Zwei Slaves können nicht miteinander reden.
Du kannst z.B. den fbMbMasterTCP verwenden.

Es fehlt aber generell das Beschreiben des Arrays aValues.
Die Daten müssen ja vom Modbus Baustein an den Datalogger übergeben werden.

Beim Server fehlt die Zuweisung der Arrays axDiscreteInputs und axCoils, dafür sind die Input und Holding Register doppelt zugewiesen.
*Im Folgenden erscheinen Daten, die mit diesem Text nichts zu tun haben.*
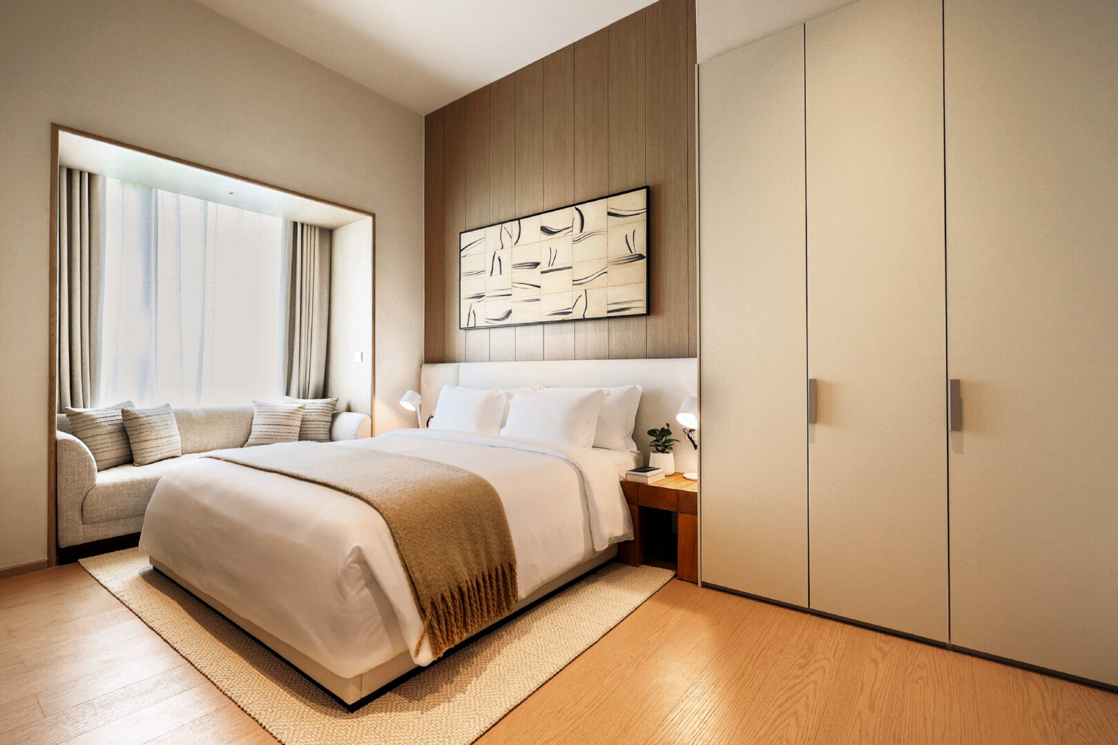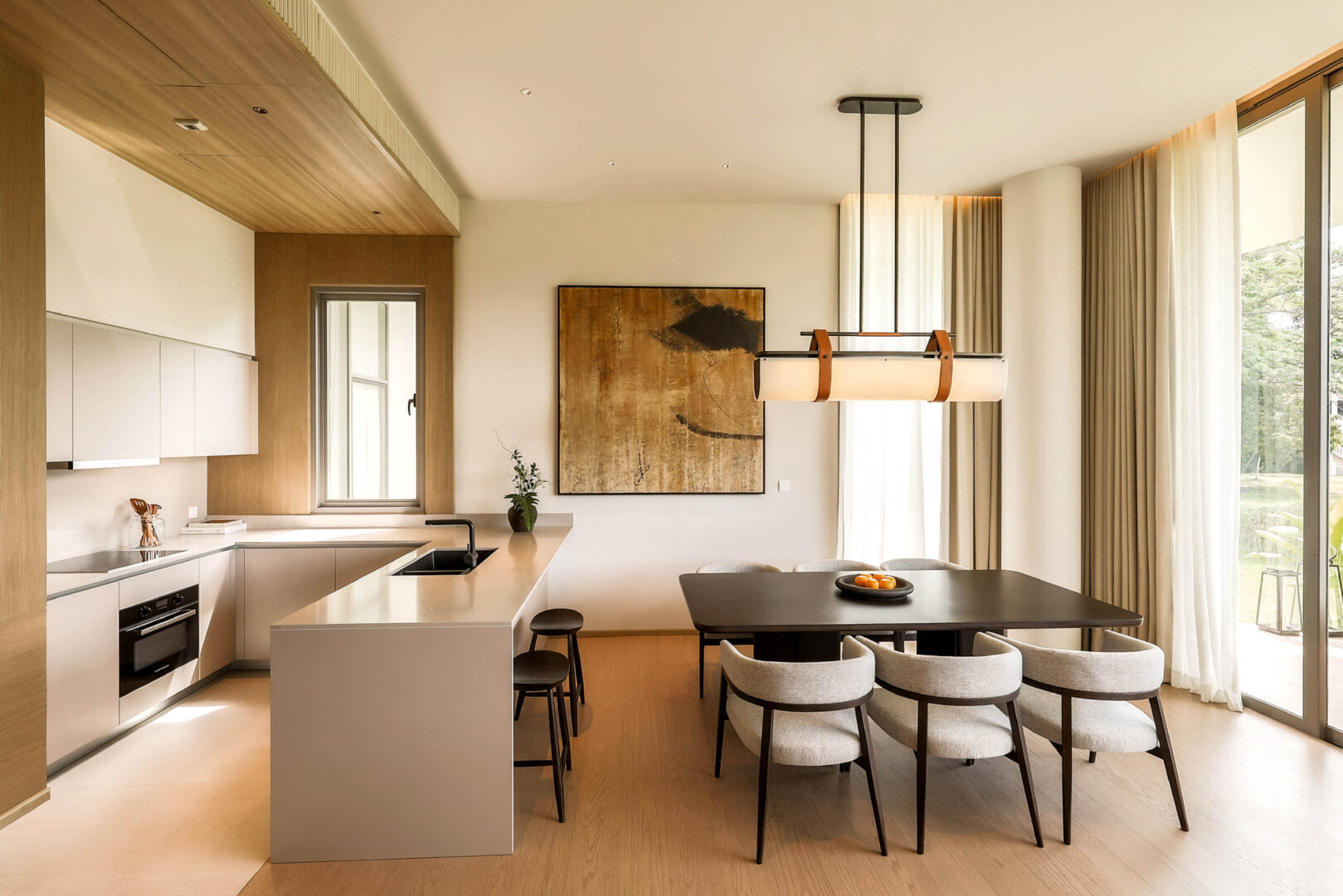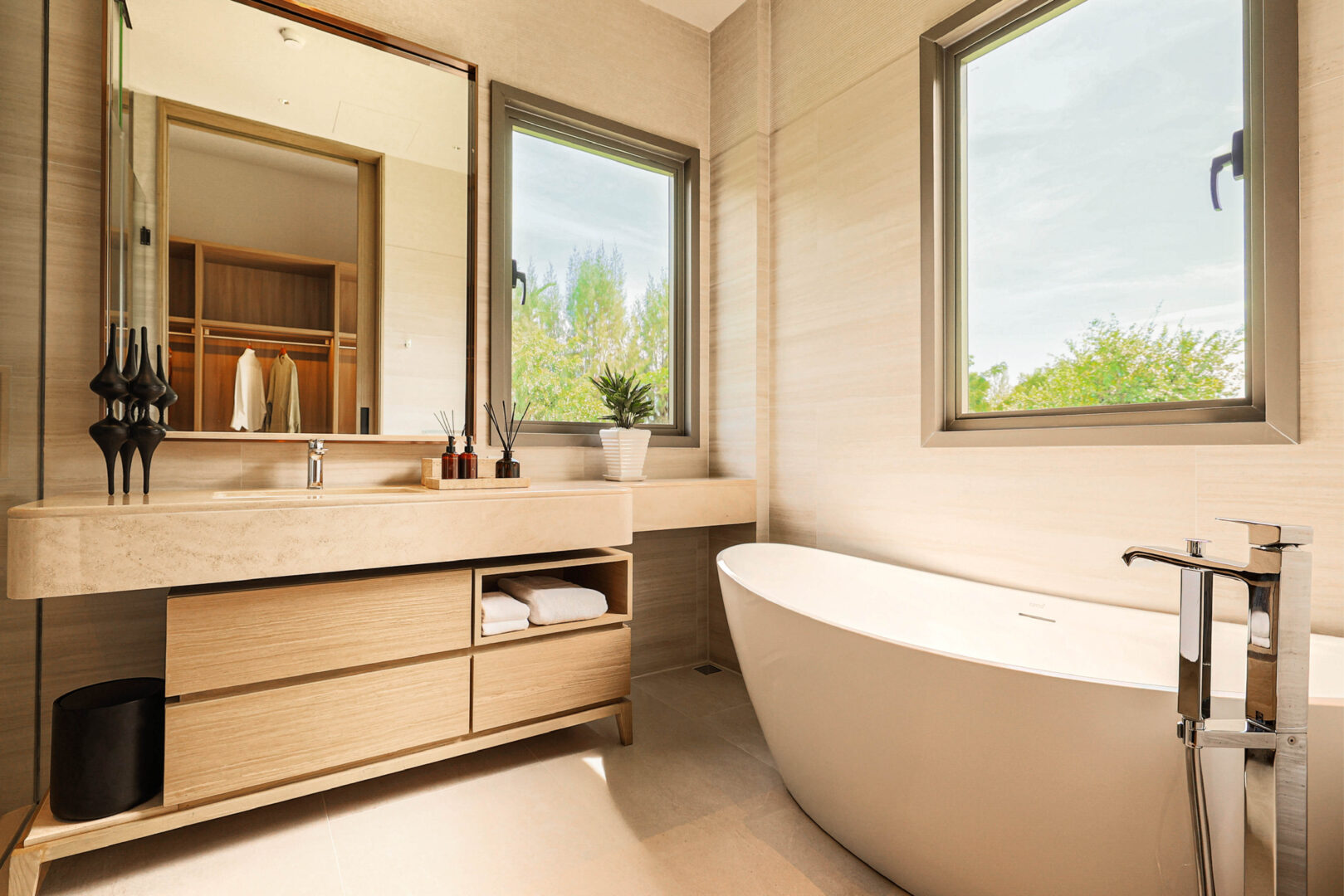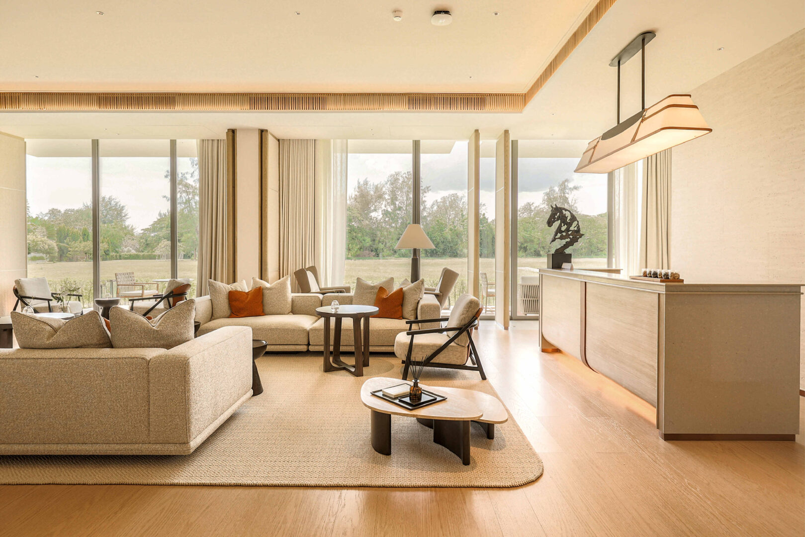 Earth Tone colours blended with wood materials that provide home-like warmth, adding shades of cream-white or light grey and brown to enhance brightness, serenity, and airiness. Prospected individuals can experience the material specifications used in the project firsthand, such as premium tiles imported from Italy or sanitary ware designed with well-being in mind. Furthermore, every unit faces the natural green space of the Bridging Oasis on the actual site, creating an environment that combines the tranquility of nature with a good quality of life in all dimensions. Therefore, visitors to the sales gallery will experience the atmosphere that will truly exist within the project.

Viele Bausteine bieten den Ausgang oStatus. Hier kann der Status des Bausteins ausgelesen werden. Wobei sServerInfo vom Datentyp String ist:
modbus_slave.oStatus.ShowResult(sDescription => sServerInfo );


Grüße


----------



## eva.len (13 März 2019)

Hallo Tobsucht,

auf den Master habe ich ganz vergessen, aber hatte diese nur in der Übersicht Verbunden und die Kommunikation auf Master (PFC 200) zum Slave PQ-DA-Smart vergeben.
Die Beschreibung der arrays habe ich leider nicht hinbekommen und würde dich fragen ob du mir helfen könntest dabei und bezüglich den Arrays axDiscreteInputs und axCoils, diese habe ich jetzt auch zugewiesen.

Grüße


----------



## Tobsucht (19 März 2019)

Hallo,

um die Sache noch mal zu verdeutlichen:
wenn das Gerät a-eberle PQI-DA-Smart ein Modbus TCP Slave ist brauchst Du einen Modbus TCP Master im PFC200.
Der Funktionsbaustein FbMbSimpleServerTcp ist ein Slave.

Der in der Kachelansicht hinzugefügte Master gehört zum Modbus Konfigurator und ist unabhängig von der Bibliothek WagoAppPlcModbus.

Grüße


----------



## eva.len (20 März 2019)

Hallo lieber Tobsucht,

ich habe herausgefunden, dass dieses Gerät den Modbus TCP nicht unterstützt. Ich werde das ganze jetzt mit einem Smart Meter von Algodue machen. Nur leider habe ich noch immer Probleme mit dem einlesen meines Arrays da er das nicht erkennt bzw. er mir vorsagt das ein plötzliches Auftreten eines arrays fehlerhaft ist. Jedoch weiß ich nicht wie ich die arrays in Strukturierten Text einlese wenn du da einen Beispielcode wüsstest, würde mich das schon sehr viel weiterbringen. Es handelt sich um das aValues Array.

Grüße


----------